▶ **ASSIGNMENT**
Please reproduce the lines from the one containing "The tip is the" through the end of the data below exactly as they stand, and omit all pictures.

[WORKING DATA Boundary: Start]

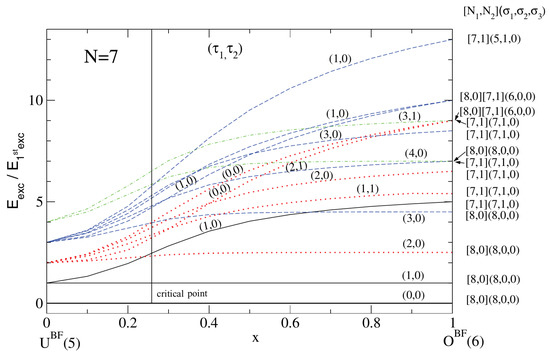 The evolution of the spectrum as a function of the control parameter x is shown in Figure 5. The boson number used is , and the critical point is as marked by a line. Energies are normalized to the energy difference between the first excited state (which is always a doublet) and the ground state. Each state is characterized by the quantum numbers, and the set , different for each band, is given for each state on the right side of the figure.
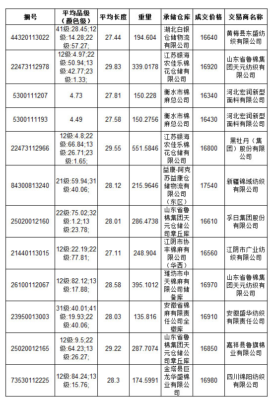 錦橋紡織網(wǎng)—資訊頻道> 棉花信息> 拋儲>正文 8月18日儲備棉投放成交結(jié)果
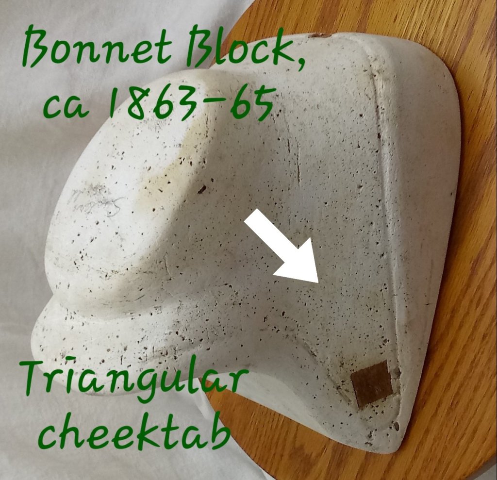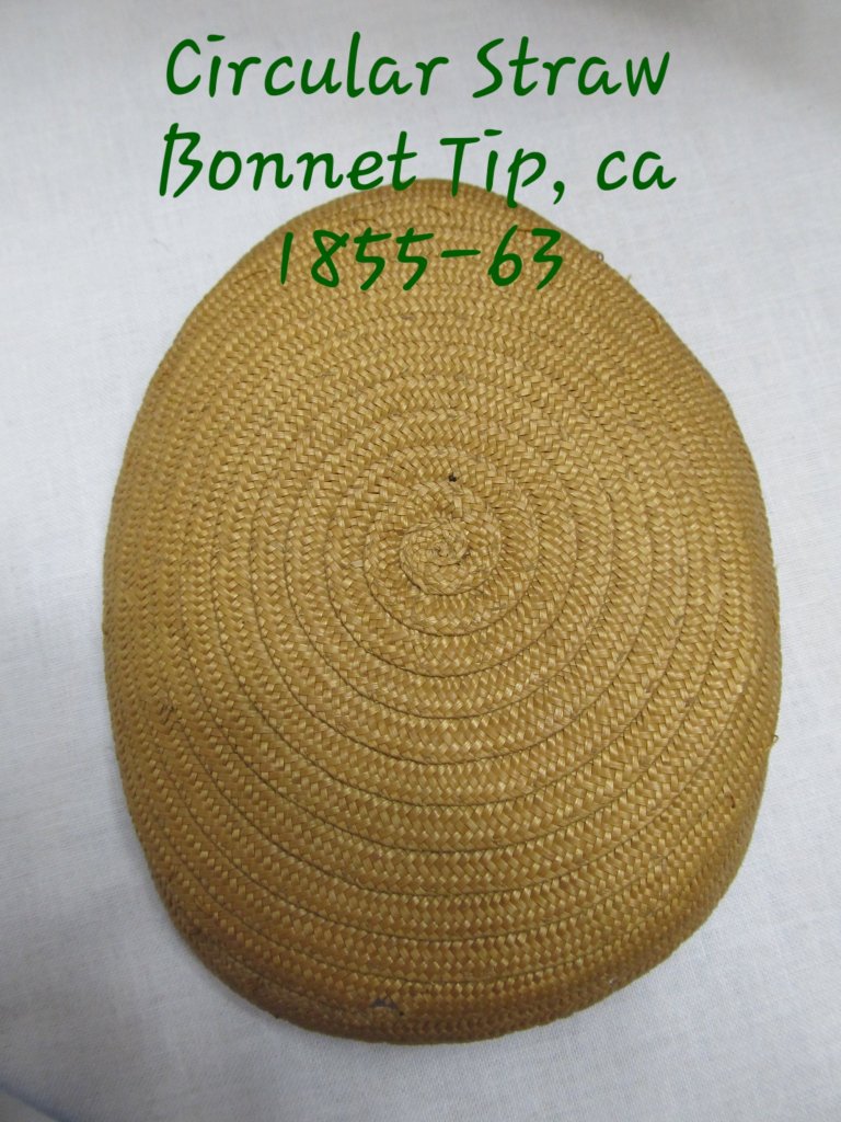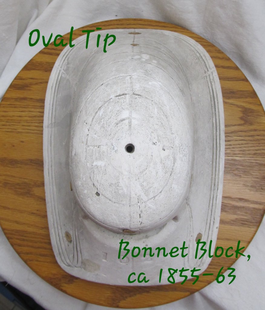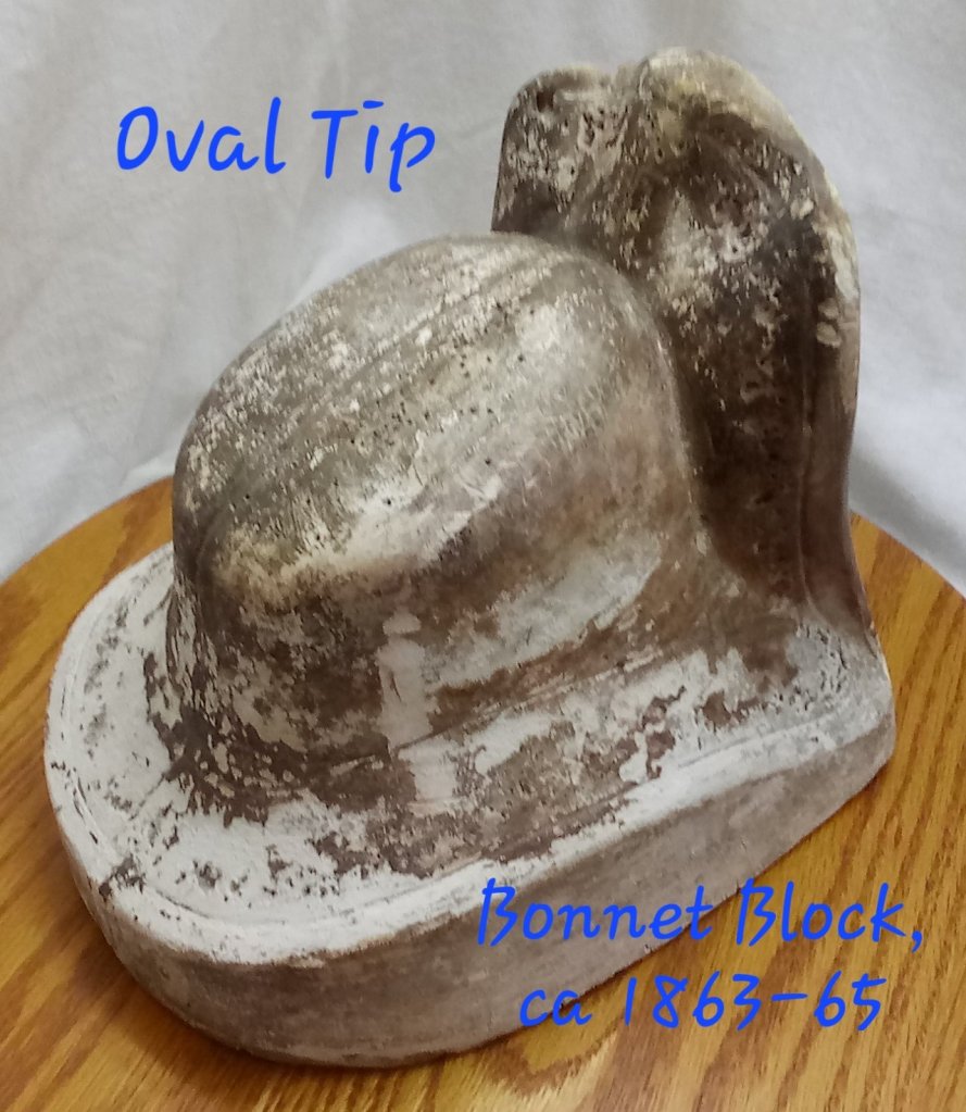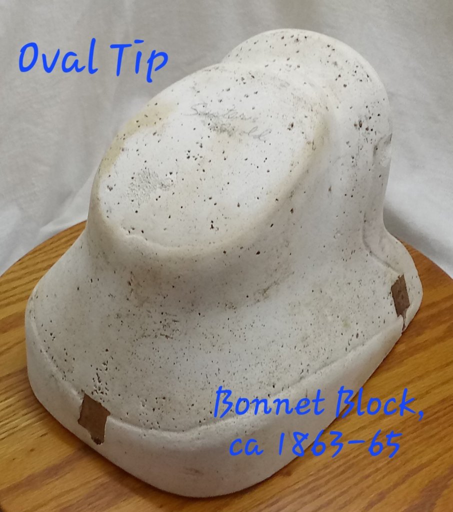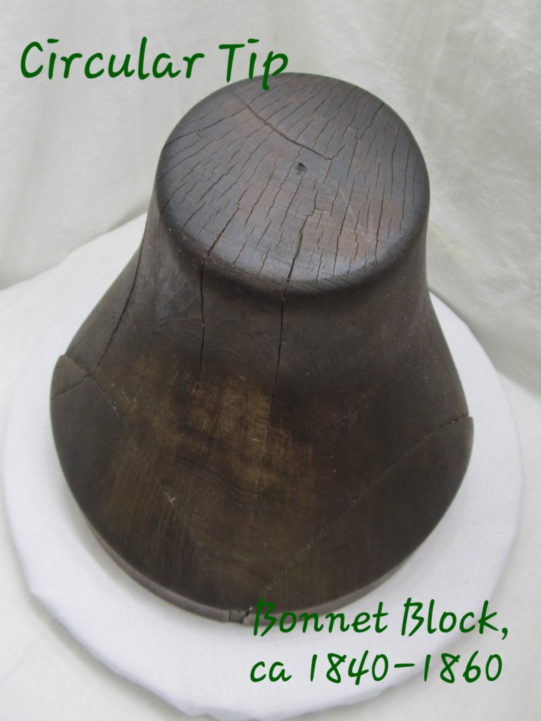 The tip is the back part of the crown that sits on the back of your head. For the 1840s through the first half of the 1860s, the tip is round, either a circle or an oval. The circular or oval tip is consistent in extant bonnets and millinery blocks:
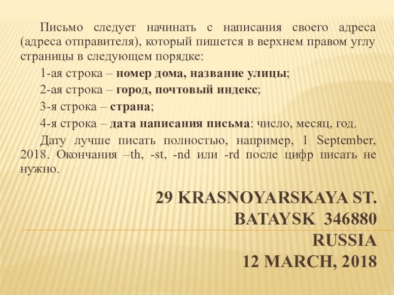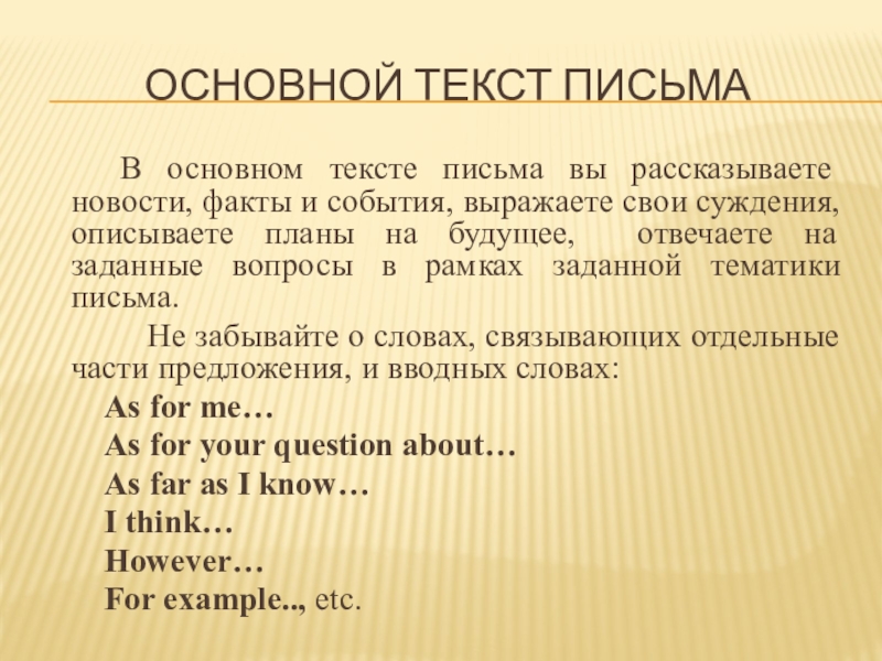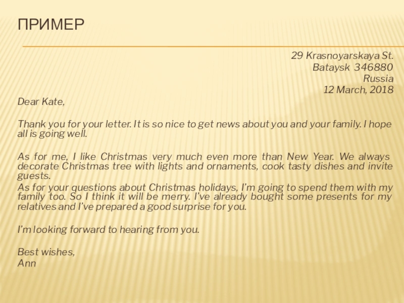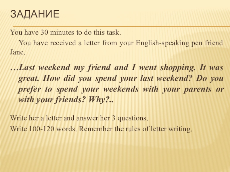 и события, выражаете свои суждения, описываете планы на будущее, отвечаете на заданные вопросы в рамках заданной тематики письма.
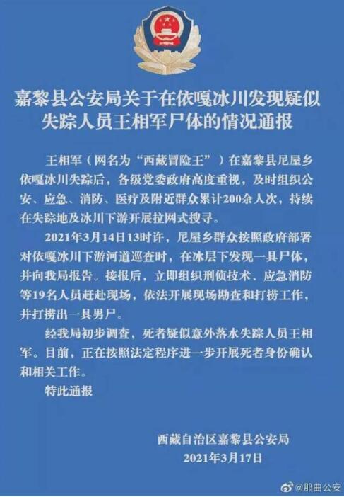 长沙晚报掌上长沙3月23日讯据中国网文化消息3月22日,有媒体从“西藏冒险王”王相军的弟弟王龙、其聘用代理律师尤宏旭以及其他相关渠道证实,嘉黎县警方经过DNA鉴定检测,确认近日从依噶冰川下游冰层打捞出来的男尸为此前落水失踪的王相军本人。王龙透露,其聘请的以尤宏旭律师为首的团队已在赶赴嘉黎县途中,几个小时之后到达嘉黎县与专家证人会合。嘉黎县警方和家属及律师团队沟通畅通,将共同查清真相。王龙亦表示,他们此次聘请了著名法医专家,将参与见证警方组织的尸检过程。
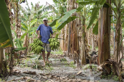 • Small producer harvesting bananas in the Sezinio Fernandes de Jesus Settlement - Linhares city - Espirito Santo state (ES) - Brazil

[WORKING DATA Boundary: End]

▶ **EXERCISE RESULT**
 The tip is the back part of the crown that sits on the back of your head. For the 1840s through the first half of the 1860s, the tip is round, either a circle or an oval. The circular or oval tip is consistent in extant bonnets and millinery blocks:
 и события, выражаете свои суждения, описываете планы на будущее, отвечаете на заданные вопросы в рамках заданной тематики письма.
 长沙晚报掌上长沙3月23日讯据中国网文化消息3月22日,有媒体从“西藏冒险王”王相军的弟弟王龙、其聘用代理律师尤宏旭以及其他相关渠道证实,嘉黎县警方经过DNA鉴定检测,确认近日从依噶冰川下游冰层打捞出来的男尸为此前落水失踪的王相军本人。王龙透露,其聘请的以尤宏旭律师为首的团队已在赶赴嘉黎县途中,几个小时之后到达嘉黎县与专家证人会合。嘉黎县警方和家属及律师团队沟通畅通,将共同查清真相。王龙亦表示,他们此次聘请了著名法医专家,将参与见证警方组织的尸检过程。
 • Small producer harvesting bananas in the Sezinio Fernandes de Jesus Settlement - Linhares city - Espirito Santo state (ES) - Brazil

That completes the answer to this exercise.